Make Weedless Wednesday Your Day to Become Smoke-Free

Thinking about stopping smoking? Some Nova Scotia Health Authority (NSHA) staff in Cape Breton are using Weedless Wednesday (Jan. 24) as an opportunity to remind people that help is available to stop smoking.

“While stopping smoking can be a struggle and can take many tries, we think of it as gaining not quitting, each and every time we work toward becoming smoke free,” says Lesley Dairou, registered social worker with the Stop Smoking Program offered through mental health and addictions. “We need to remember this is an addiction and needs the same level of understanding and support that addiction treatment provides.”

Support is also available through two hospital based initiatives.
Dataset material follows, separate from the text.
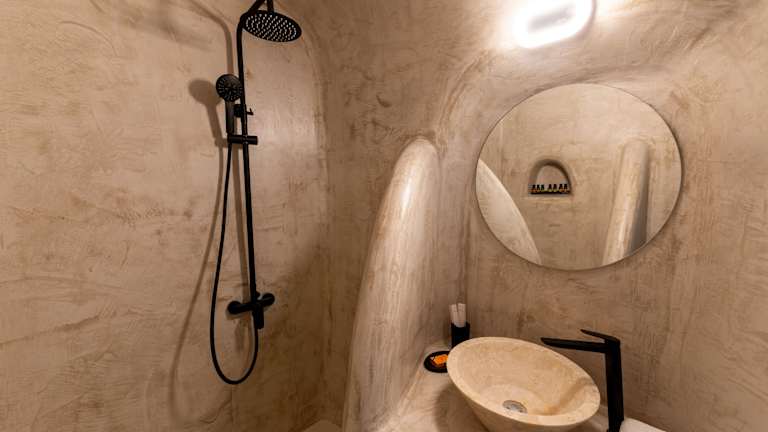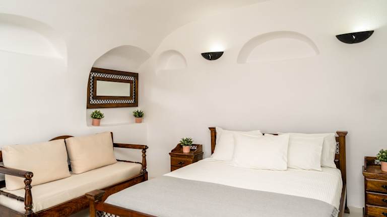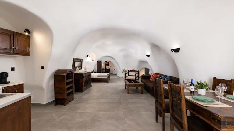 Die Suiten im Enalion sind traditionell eingerichtet und verfügen über beeindruckende Gewölbedecken. Jede Suite ist im Höhlenstil gestaltet und bietet einen gemeinschaftlichen Balkon mit Blick auf die Umgebung. Die Suiten sind mit holzgeschnitzten Möbeln, einer Küchenzeile mit Esstisch und einem Wohnbereich mit Flachbild-Sat-TV ausgestattet. Im eigenen Bad finden Sie kostenfreie Pflegeprodukte, Bademäntel und Hausschuhe für Ihren Komfort.

A program modeled after the Ottawa Model of Smoking Cessation, was implemented at the Cape Breton Regional Hospital in 2012. As part of the program, patients are asked about tobacco use, offered medication, support and provided with a ‘quit kit’ while in hospital and offered follow-up services.

The second initiative, INSPIRED COPD Outreach Program, is a partnership with the Canadian Foundation for Health Improvement (CFHI) and NSHA. This project uses a team, including a registered respiratory therapist (RRT) and an advanced care planner facilitator (ACPF), to provide client and family-centered care for people suffering from Chronic Obstructive Pulmonary Disease (COPD). The goals of the program include: reducing hospital visits and admissions, decreasing the length of stay in hospital and increasing quality of life for those living with COPD. Cigarette smoking is the underlying cause of 80 to 90 per cent of COPD cases.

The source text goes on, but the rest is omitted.